When you meet the Pacific, you will find the ocean peaceful and gentle. The waves rush toward you and absolutely throw themselves at you like over-enthusiastic children, caressing you, engulfing you in love. You begin to think of the ocean as your friend, and you accept its ecstatic embraces with open arms, falling gratefully into its bosom, trusting it to carry you a few feet further toward the shore.
     Then suddenly the waves twist viciously underneath you, grabbing your legs and shoving you along like some panicked crowd of humans would.
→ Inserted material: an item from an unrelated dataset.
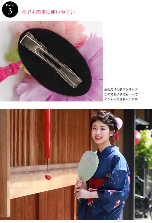 「なでしこ」浴衣 髪飾り クリップ「タッセル付き髪飾り」花 ちりめん 大人 ヘアアクセサリー 浴衣用ヘアーアクセサリー 浴衣 夏祭り

Sometimes when you're under that swirling madness scrambling like a cat on a slippery floor, you feel that same thing you've felt on a thousand carnival rides or when the heat of summer erupts suddenly into a violent senseless game between two knived young men too close to you; the possibility of dying is thrust upon you unwillingly, and a frozen quickening of your heart informs you that the control you have over your life has just been ripped from you by a power which dwarfs you.
     And that is the romance of the ocean -- that fascinating, tempting, irresistible duality of pleasure and danger, of tranquility and passion, of eternal rhythm and unpredictable-ness, of life and death. The conflict of these great primal forces is what I see when I walk along the sand at the edge of this continent and search the horizon for truth.
-Colleen Lloyd
1985, Venice Beach, California

 I took that picture of the pier at Imperial Beack, California on my last visit last year. Thinking of Michelle, Jackson, Michael, family, all the people whose lives and destinies have mingled with mine over decades of cycles of tides and travel and seeking out dreams.